Hadoop Ingestion in Druid 0.15

Hi,
Iam ingesting data from hdfs (tutorial sample provided with Druid 0.15.

Iam trying it on HDP 3.1 (HDFS, YARN & MR).

Attached ingest spec - wikipedia-index-hadoop.json.

After submitting task, iam able to see a job getting submitted in YARN. Attached logs (druid_yarn_2.8.3.txt, druid_task_log_2.8.3.txt). Iam getting error

org.apache.hadoop.yarn.exceptions.YarnRuntimeException: java.lang.NumberFormatException: For input string: “30s”

I couldnt find any answers to the issues, so i thought since iam using HDP 3.1 (Hadoop 3.1), may be i need to change the hadoop client.

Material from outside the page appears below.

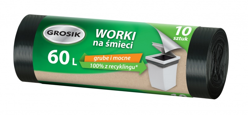 Worki na śmieci GROSIK, LDPE, 60l, 10 szt., czarne

So i copied hadoop client 3.1.1 in “hadoop-dependencies” folder and also modified input spec to use 3.1.1. Now iam getting different error (druid_task_log_3.1.1.txt).

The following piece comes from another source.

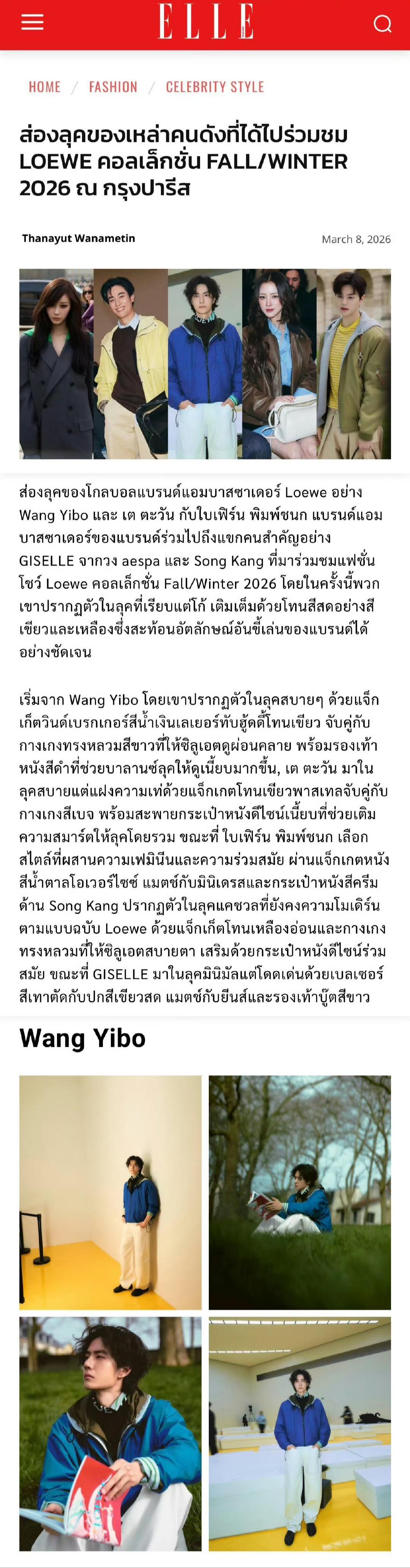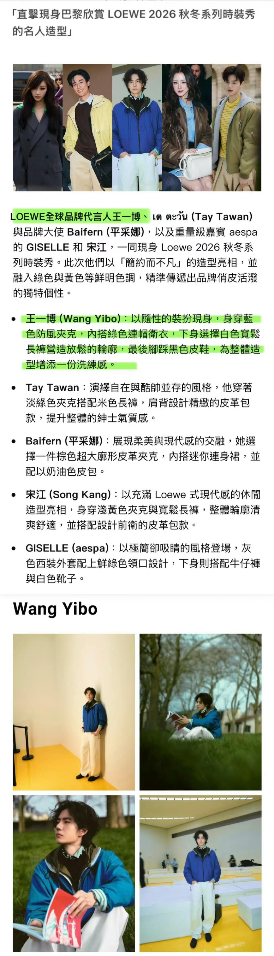 王一博,在VOGUE报道的巴黎时装周罗意威大秀中是一眼可见的大C位。 就是在泰国杂志上,王一博也照样力压泰星, EllE Thailand报道罗意威巴黎时装周大秀,王一博稳稳大C位。 王一博的时尚地位,就是这么顶,早已经不限于内娱的顶。 王一博

The task is not even getting submitted to YARN.

Can somebody please help.

Thanks in advance.

wikipedia-index-hadoop.json (2.37 KB)

druid_task_log_2.8.3.txt (270 KB)

druid_task_log_3.1.1.txt (223 KB)

druid_yarn_2.8.3.txt (4.46 KB)

Did you check the following?

[2019-07-12 14:07:58.112]Container exited with a non-zero exit code 1. Error file: prelaunch.err.

Last 4096 bytes of prelaunch.err :

Last 4096 bytes of stderr :

SLF4J: Class path contains multiple SLF4J bindings.

SLF4J: Found binding in [jar:file:/hadoop/yarn/local/filecache/133/log4j-slf4j-impl-2.5.jar!/org/slf4j/impl/StaticLoggerBinder.class]

SLF4J: Found binding in [jar:file:/hadoop/yarn/local/filecache/24/mapreduce.tar.gz/hadoop/share/hadoop/common/lib/slf4j-log4j12-1.7.25.jar!/org/slf4j/impl/StaticLoggerBinder.class]

SLF4J: See http://www.slf4j.org/codes.html#multiple_bindings for an explanation.

SLF4J: Actual binding is of type [org.apache.logging.slf4j.Log4jLoggerFactory]

ERROR StatusLogger No log4j2 configuration file found. Using default configuration: logging only errors to the console.

Eric Graham

Solutions Engineer -** **Imply

**cell: **303-589-4581

email: eric.graham@imply.io

www.imply.io

Hi Lakshmi:

Can you also try adding

“mapreduce.job.user.classpath.first”: “true”,

“mapreduce.job.classloader.system.classes”: “-javax.validation.,java.,javax.,org.apache.commons.logging.,org.apache.log4j.,org.apache.hadoop.”

to your tunning config -> job properties ?

Hi Ming,

Thanks for your response.

The config entry “mapreduce.job.user.classpath.first” was already present. I added the second one you suggested. But still no luck.

Attaching the ingest spec ( wikipedia-index-hadoop.json) and the yarn log (wikipedia-index-hadoop-yarn.log), in case if that gives any clue for the issue.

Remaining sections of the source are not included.